The dispenser of Rusing et al. exhibits the drawback that the compression
spring occupies a substantial amount of space in the interior of the
housing. This shortens the stroke of the cylinder in a direction to expel
viscous material. In addition, the person in charge of expelling viscous
material by way of the outlet in the end wall of the cylinder must
overcome the resistance of the compression spring. Still further, the
likelihood of jamming of the cylinder in the housing is ever present.
OBJECTS OF THE INVENTION
An object of the invention is to provide a simple and inexpensive dispenser
for viscous materials.
Another object of the invention is to provide a dispenser which can be
operated to discharge small, medium large or large quantities of confined
material.
A further object of the invention is to provide a dispenser which can be
manipulated in response to exertion of a relatively small force.
An additional object of the invention is to provide a novel and improved
piston for use in the above outlined dispenser.
Still another object of the invention is to provide a dispenser which can
be loaded with viscous material without risking entrapment of air in the
body of confined material.
A further object of the invention is to provide the dispenser with a novel
and improved cylinder.
Another object of the invention is to provide a dispenser which can be
mass-produced at a fraction of the cost of heretofore known dispensers for
viscous materials.
An additional object of the invention is to provide a novel and improved
housing for the cylinder of the above outlined dispenser.
SUMMARY OF THE INVENTION
The invention is embodied in a dispenser for creams, pastes and other
viscous materials, particularly high viscous materials. The improved
dispenser comprises a carrier and a cylinder which is movably mounted in
the carrier and defines a material-confining chamber having a first end
and a second end. The cylinder includes at least one material-discharging
outlet which communicates with the chamber, and a wall member at one end
of the chamber. The dispenser further comprises a piston which is movably
installed in the cylinder at the other end of the chamber, and means for
moving the cylinder relative to the carrier in a first direction to move
the wall member toward the piston with resulting expulsion of viscous
material from the chamber by way of the outlet and a reduction of the
effective volume of the chamber, and in a second direction counter to the
first direction to move the cylinder and the piston as a unit so that the
effective volume of the chamber remains at least substantially unchanged
during movement of the cylinder in the second direction. In accordance
with a feature of the invention, the moving means is provided directly on
the cylinder. The carrier preferably includes a housing having an open end
through and beyond which the moving means extends, i.e., at least a
portion of the moving means is accessible at the open end of the housing
in each position of the cylinder relative to the housing.
The moving means can be integral with the cylinder. The latter further
includes a tubular wall which surrounds the piston and the chamber. The
aforementioned wall member and a portion of the tubular wall can
constitute or form part of the moving means. For example, the wall member
can be pressed in the first direction to cause expulsion of viscous
material from the chamber, and the portion of the tubular wall can be
pulled in the second direction to move the wall member back to its
starting position.
The outlet can be provided in or on the wall member. Such wall member can
be connected to and can seal an open end of the tubular wall of the
cylinder. For example, the tubular wall of the cylinder can be provided
with an internal groove in the region of the open end of the housing, and
such groove receives a marginal portion of the wall member.

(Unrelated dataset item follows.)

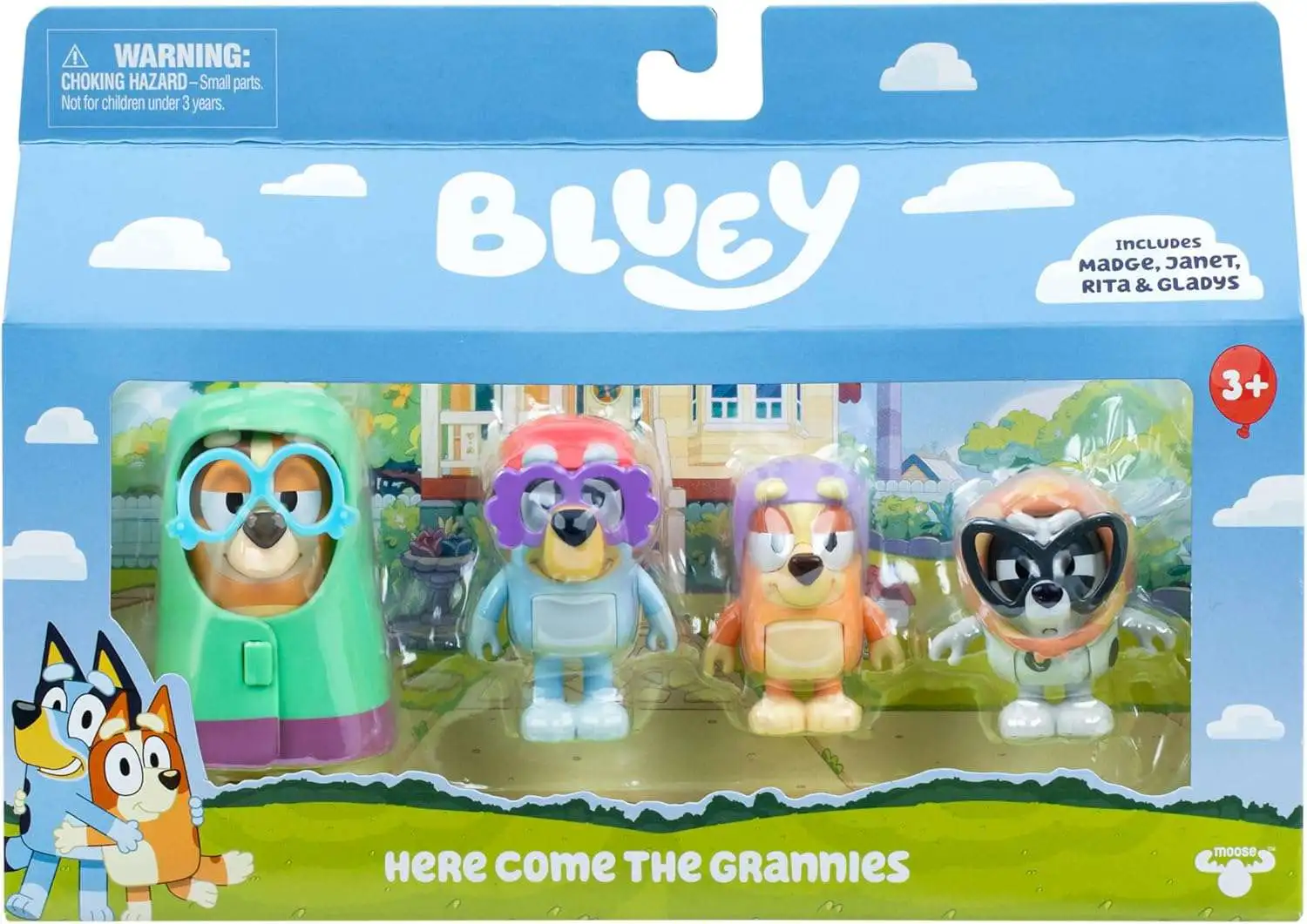 - The Grannies Figure 4-Pack includes Madge (Chilli), Janet (Bluey), Rita (Bingo), and Gladys (Muffin).
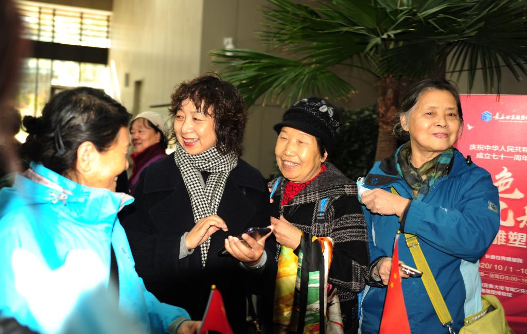 248名老同志身着红心贴、手持小红旗,在讲解员的带领下,参观了长春世界雕塑园主办的红色风采主题雕塑展。此次主题雕塑展以艺术化形式呈现了中华人民共和国成立七十一周年取得的伟大成就,展出的雕塑作品讴歌祖国,讴歌党讴歌人民,既有时代气息,又传承了中国优秀传统,展现了伟人风采和英雄气魄,富有强烈的艺术表现力和感染力。

The cylinder and the housing are preferably provided with means for
limiting the extent of movability of the cylinder in the first direction,
in the second direction or in both direction. Such limiting means can
comprise an external flange on the tubular wall of the cylinder and at
least one stop on the housing. The flange is preferably remote from the
wall member of the cylinder, and the stop is located in the path of
movement of the flange during movement of the cylinder in the first or
second direction.
In order to ensure that expulsion of viscous material from the chamber, or
movement of the cylinder and piston in the second direction, will
necessitate the exertion of a relatively small force, the internal surface
of the housing and/or the external surface of the cylinder can be provided
with friction reducing means. Such friction reducing means can include
projections (e.g., axially parallel ribs) on the internal surface of the
housing and/or on the external surface of the cylinder.
The housing comprises a tubular section which surrounds the tubular wall of
the cylinder, and an end wall which cooperates with the tubular section to
close and, if necessary, seal that end of the housing which is remote from
its open end. This can be achieved by providing the tubular section with
first detent means and by providing the end wall with complementary second
detent means engaging the first detent means when the tubular section and
the end wall are properly coupled to each other. The arrangement is or can
be such that the first and second detent means more or less permanently
secure the end wall to the respective end of the tubular section of the
housing.
The piston can be provided with at least one sealing projection (e.g., an
annular sealing lip) which engages the internal surface of the tubular
wall of the cylinder. The lip can be a circumferentially complete annular
sealing lip having an annular edge which abuts the internal surface of the
tubular wall. Such lip can taper in a direction from the internal surface
toward the axis of the cylinder.
The dispenser can further comprise an elongated guide which is affixed to
the end wall of the housing and extends into the chamber by extending
through a preferably axially disposed sleeve of the piston. The latter can
comprise a bottom wall having a first side facing the respective end of
the chamber and a second side, and the sleeve preferably extends from the
second side of the bottom wall. The bottom wall of the piston has an
opening for the guide.
The piston can be provided with a tubular portion which surrounds the
sleeve for the guide with a certain amount of clearance and serves as a
support for a resilient element which can constitute or resemble a
diaphragm spring serving to engage the guide in order to prevent movements
of the piston in the first direction, i.e., to ensure that when moved in
the first direction the wall member of the cylinder will move toward the
piston so that the wall member and the piston cooperate in expelling
viscous material from the chamber by way of the outlet in the wall member.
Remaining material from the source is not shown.